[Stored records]
________________
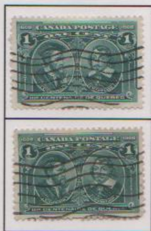
ULm3: Redrawn top 4 lines (1 mm) & vert. line (5 mm)
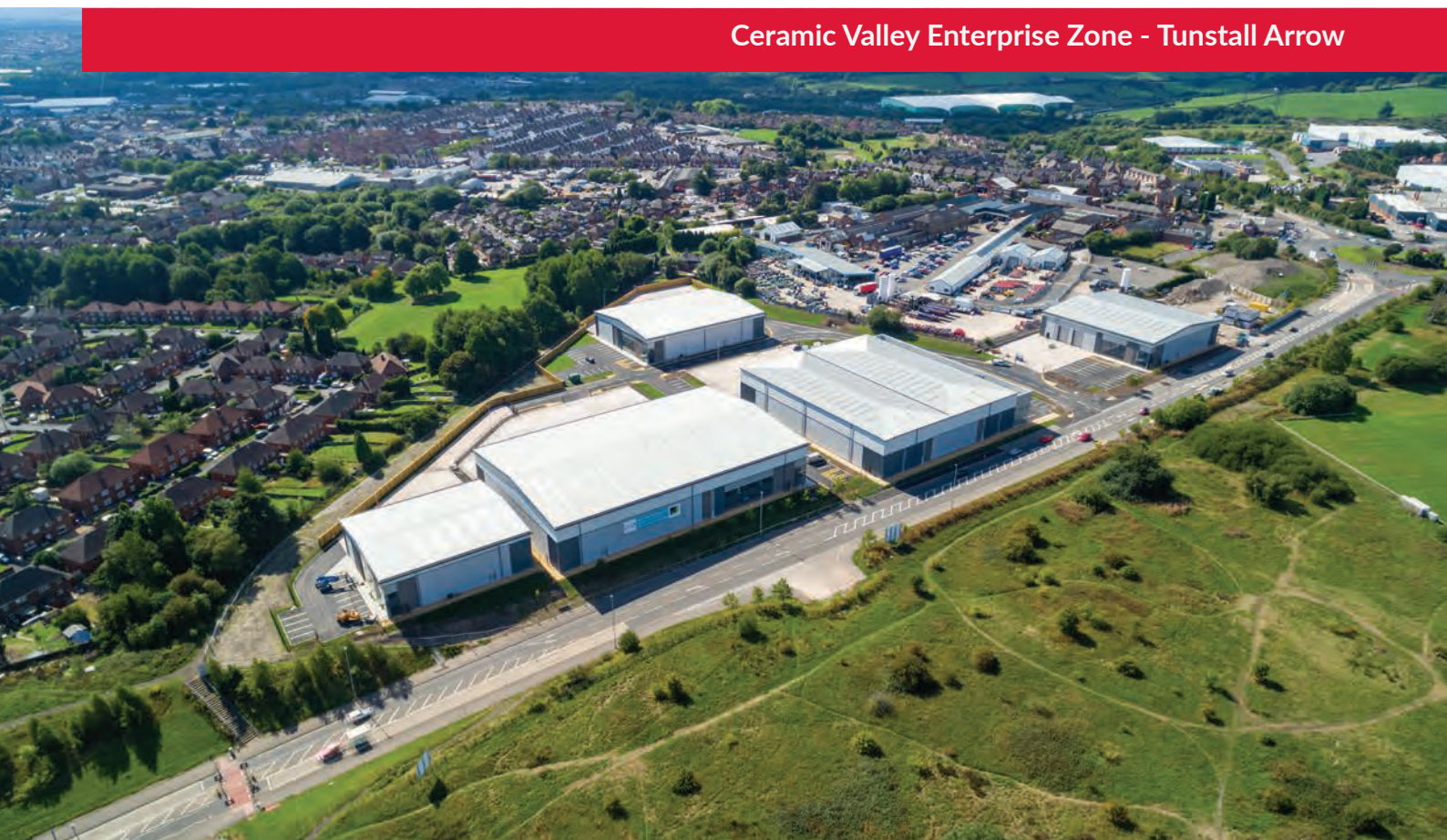
Ceramic Valley Enterprise Zone - Tunstall Arrow

Much of this success is down to the Ceramic Valley Enterprise Zone, which is why the city council and the Staffordshire and Stoke-on-Trent Local Enterprise Partnership have committed to extend the business rate discount incentive scheme for another five years, to give ourselves every chance of developing out the remaining sites. It also comes as planning approval has been granted for Tunstall Arrow Phase 2, providing an additional 109,250 sq ft of industrial workspace on a 7.3-acre plot. The scheme will not only see remedial work to repurpose this brownfield land but is expected to attract further inward investment and provide over 200 new job opportunities in the local area.
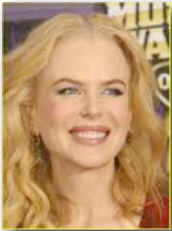
#110 - Nicole Kidman
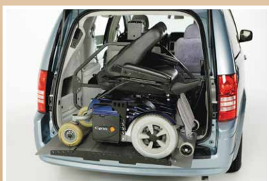
Front-Wheel/Rear-Wheel Drive Powerchairs
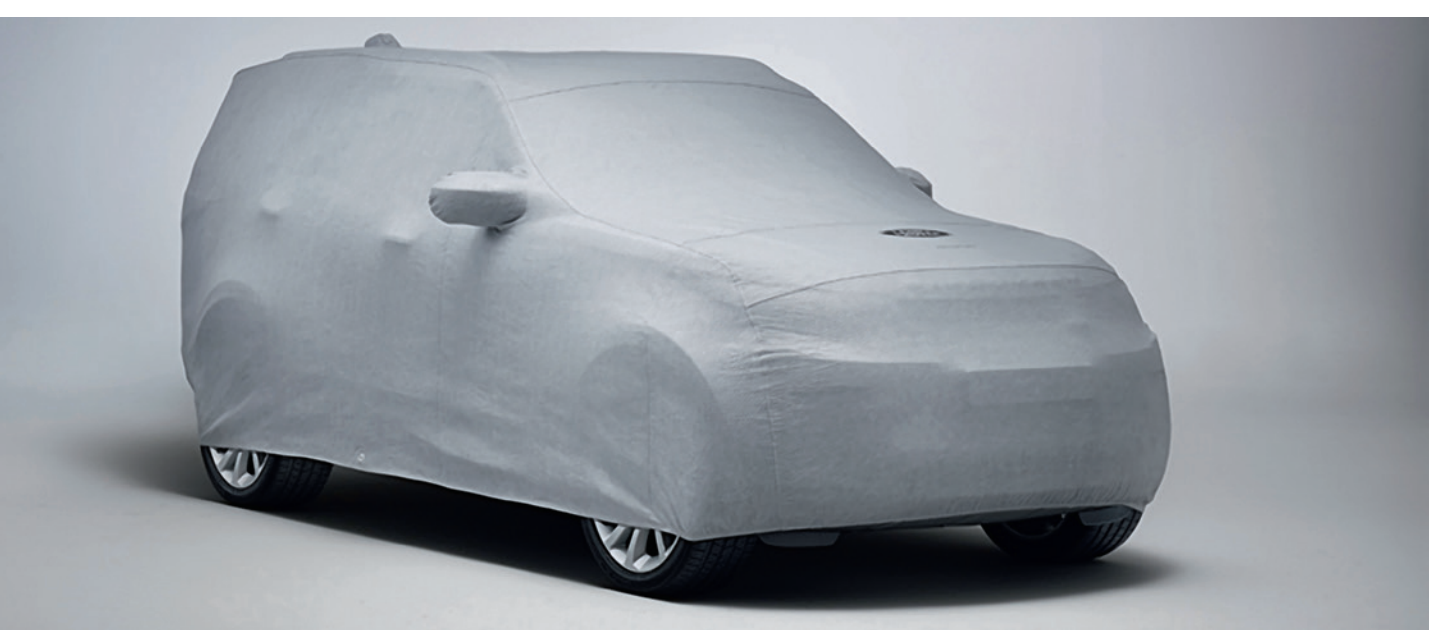
All-Weather Car Cover

All-weather tailored cover protects your Discovery from the elements including showers, frost, snow and dust. Quick and easy to fit.
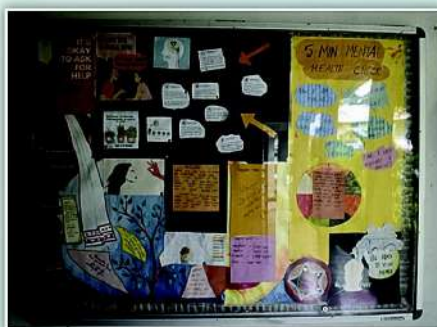
Department of Psychology
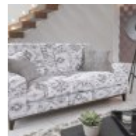
3 Seat Sofa
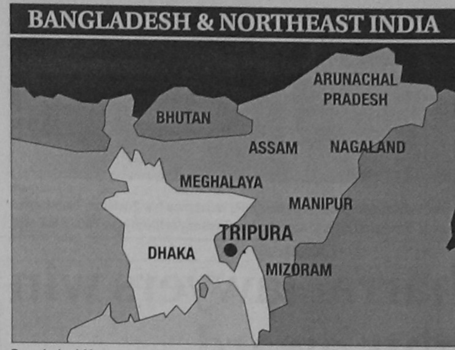
Bangladeshi beverage producer Pran sees huge potential for its products in Northeast India's market, building a new plant in Tripura.
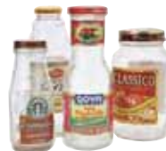
Empty & Clear Bottles & Jars Only
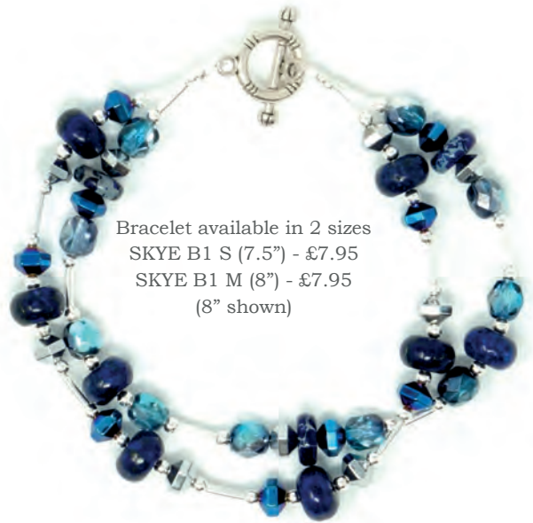
Bracelet available in 2 sizes SKYE B1 S (7.5") - £7.95 SKYE B1 M (8") - £7.95 (8" shown)
________________
▶ [What is being asked]
Copy exactly, and copy nothing else: the lines from the start of the data above through the line that holds "Empty & Clear Bottles & Jars Only". The pictures stay out.

▶ [Your solution]
ULm3: Redrawn top 4 lines (1 mm) & vert. line (5 mm)
Ceramic Valley Enterprise Zone - Tunstall Arrow

Much of this success is down to the Ceramic Valley Enterprise Zone, which is why the city council and the Staffordshire and Stoke-on-Trent Local Enterprise Partnership have committed to extend the business rate discount incentive scheme for another five years, to give ourselves every chance of developing out the remaining sites. It also comes as planning approval has been granted for Tunstall Arrow Phase 2, providing an additional 109,250 sq ft of industrial workspace on a 7.3-acre plot. The scheme will not only see remedial work to repurpose this brownfield land but is expected to attract further inward investment and provide over 200 new job opportunities in the local area.
#110 - Nicole Kidman
Front-Wheel/Rear-Wheel Drive Powerchairs
All-Weather Car Cover

All-weather tailored cover protects your Discovery from the elements including showers, frost, snow and dust. Quick and easy to fit.
Department of Psychology
3 Seat Sofa
Bangladeshi beverage producer Pran sees huge potential for its products in Northeast India's market, building a new plant in Tripura.
Empty & Clear Bottles & Jars Only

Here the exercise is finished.